An alternative to this payoff structure can be imagined where cooperators supply a constant benefit per link. The realism of constant total or constant per link benefits depend on the absolute magnitude of benefit and the variation in degree one observes in the networks. If variation in degree is high, as happens, for example, when social inheritance is high36, then it is less realistic to assume individuals can ramp up production of benefits indefinitely with partner numbers such that each partner continues to enjoy the same benefit. Thus, I focus on the fixed total benefit model in the main text, and present in the Supplementary Note 2, results for the case where cooperators provide a fixed benefit to each partner and pay a fixed cost per partner.

I assume deaths occur randomly, independent of payoff or social network position. The probability of a given individual being selected to reproduce at a given time step, πi(t), is proportional to their fitness in the preceding time step, wi(t − 1):

$$\pi _i\left( t \right) = \frac{{w_i\left( {t - 1} \right)}}{{\mathop {\sum}\nolimits_j {w_j} \left( {t - 1} \right)}}$$
(3)

At each reproduction event, the offspring copies its parent’s cooperation type with probability 1 − μ; with probability μ, the offspring switches to the other type. The cooperation type of an individual remains unchanged during their lifetime.

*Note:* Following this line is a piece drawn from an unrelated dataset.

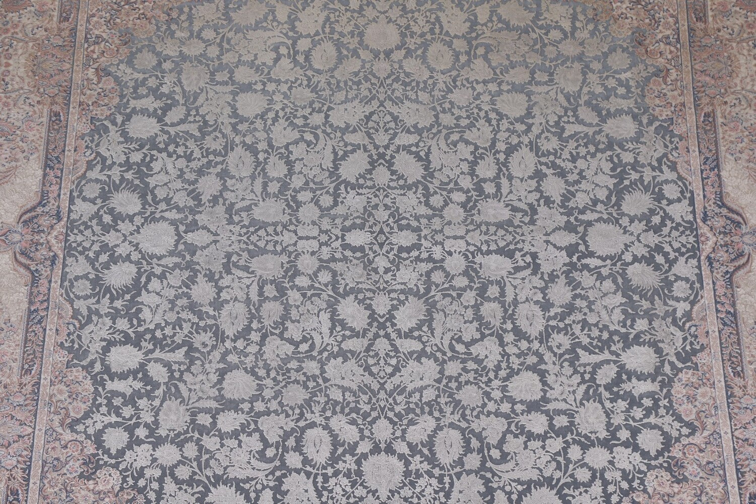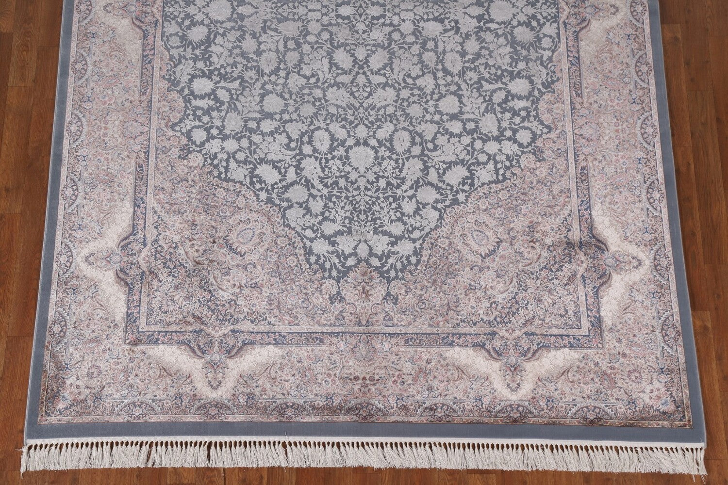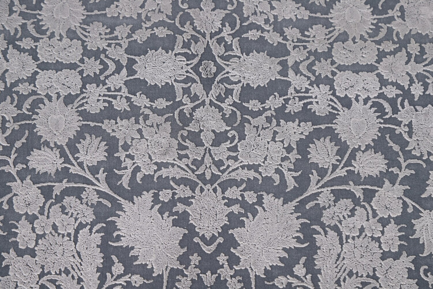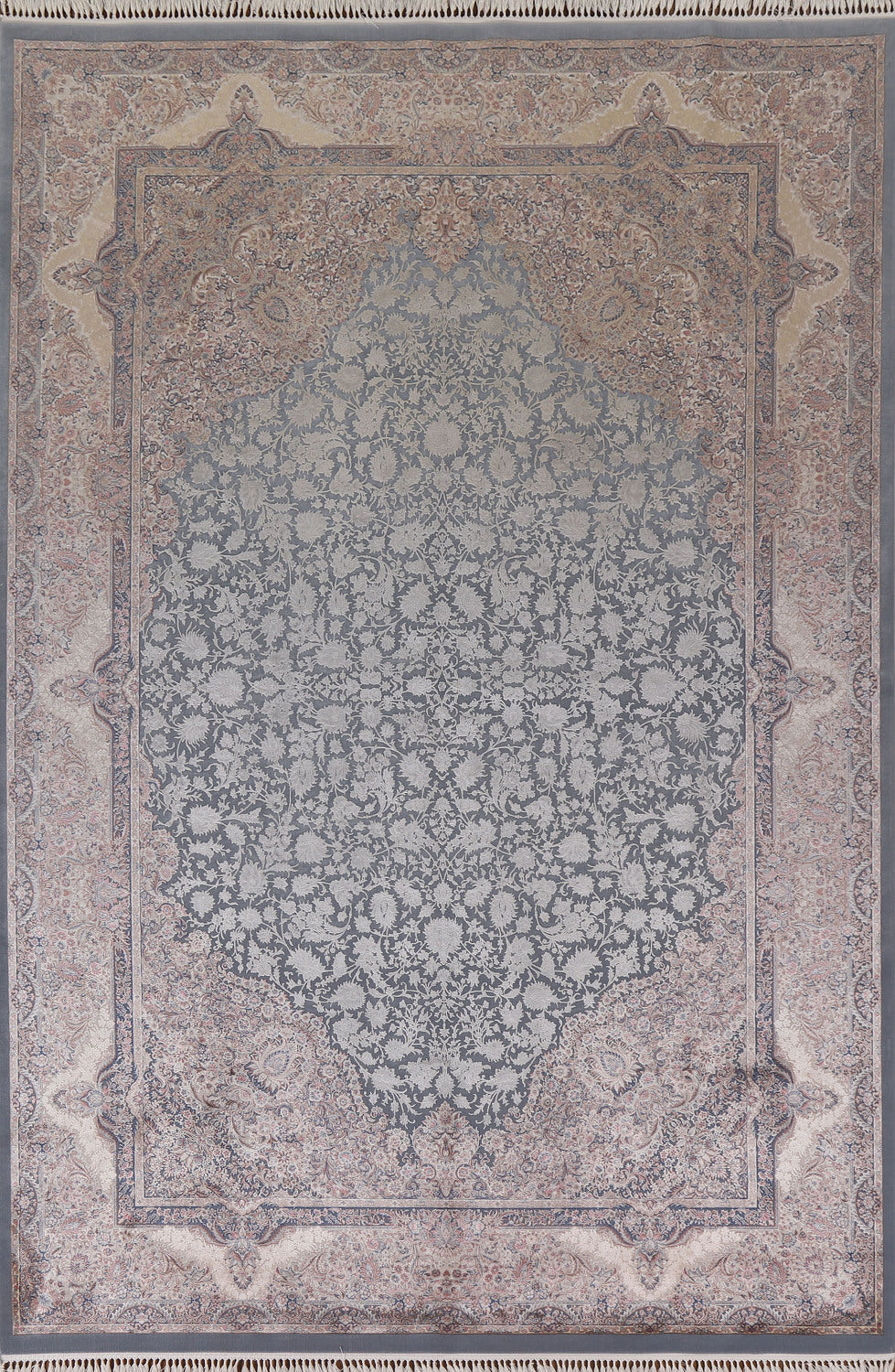 A Beautiful Genuine Turkey Qum rug is Machine Made by skillful weavers in Turkey with 90% Silk - 10% Polyester Material. This rug is in condition. dimensions are 9' 7'' X 6' 7'' in foot and 292 X 201 in centimeter. the primary color is Greys & Charcoal.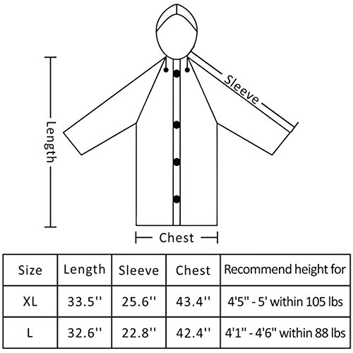 Reusable EVA Rain Poncho with Big Brim and Drawstring Hood for Kids & Teenagers - Recommend for 4'1'' - 5'

Evolution of linking probabilities

To model the coevolution of the linking probabilities pn and pr with cooperation, I let them vary between individuals, and be genetically inherited from parents. With probability μl, each of the \(p{\prime}_{\!\!n}\) and \(p{\prime}_{\!\! r}\) of the offspring (independently) undergo mutation, whereupon they become \(p{\prime}_{\!\! n} = p_n + \varepsilon _n\), and \(p{\prime}_{\!\! r} = p_r + \varepsilon _r\), where pn and pr denote the parent’s linking probabilities, and εn and εr are distributed normally with mean zero and standard deviation σn and σr, respectively. To restrict pn and pr to the unit interval [0,1], I set the numerical values to be at the relevant boundary if mutations fall outside this range.

To investigate how costs of making and maintaining social connections can alter the coevolutionary dynamics, I use the following extended payoff function:

$$u_i\left( t \right) = \mathop {\sum}\limits_{j \ne i} p_ja_{ij}\left( {\frac{B}{{d_j\left( t \right)}} + p_i\frac{D}{{d_i\left( t \right)d_j\left( t \right)}}} \right) - p_iC - d_i\left( t \right)C_{{\mathrm{link}}},$$
(4)

where Clink is the per-link cost of maintaining a social connection.

Simulations

I analyze the above model using simulations written in the Julia programming language50. I initialize networks as random networks, and run the social inheritance model of Ilany and Akçay without selection for an inital burn-in period of 20 generations (i.e., 20 × N time steps). This burn-in period is sufficient to produce networks that have the stationary properties of the social inheritance process36. Then, I allocate the cooperation trait randomly to all individuals (i.e., with expected frequency of cooperation 0.5), and turn on selection. For simulations with evolving linking probabilities, I initialize the individual pn and pr values from a normal distribution with standard deviation given by the mutational variances σn and σr, and mean by initial values pn = 0.5 (except for the fixed pn scenario) and pr = 0.0001. These initial values do not have any effect on the long-run dynamics of the system as the system quickly evolves away from them.

Code availability

The simulation code is available at https://github.com/erolakcay/CooperationDynamicNetworks.

Data availability

Simulation output used in the figures is available upon request from the author.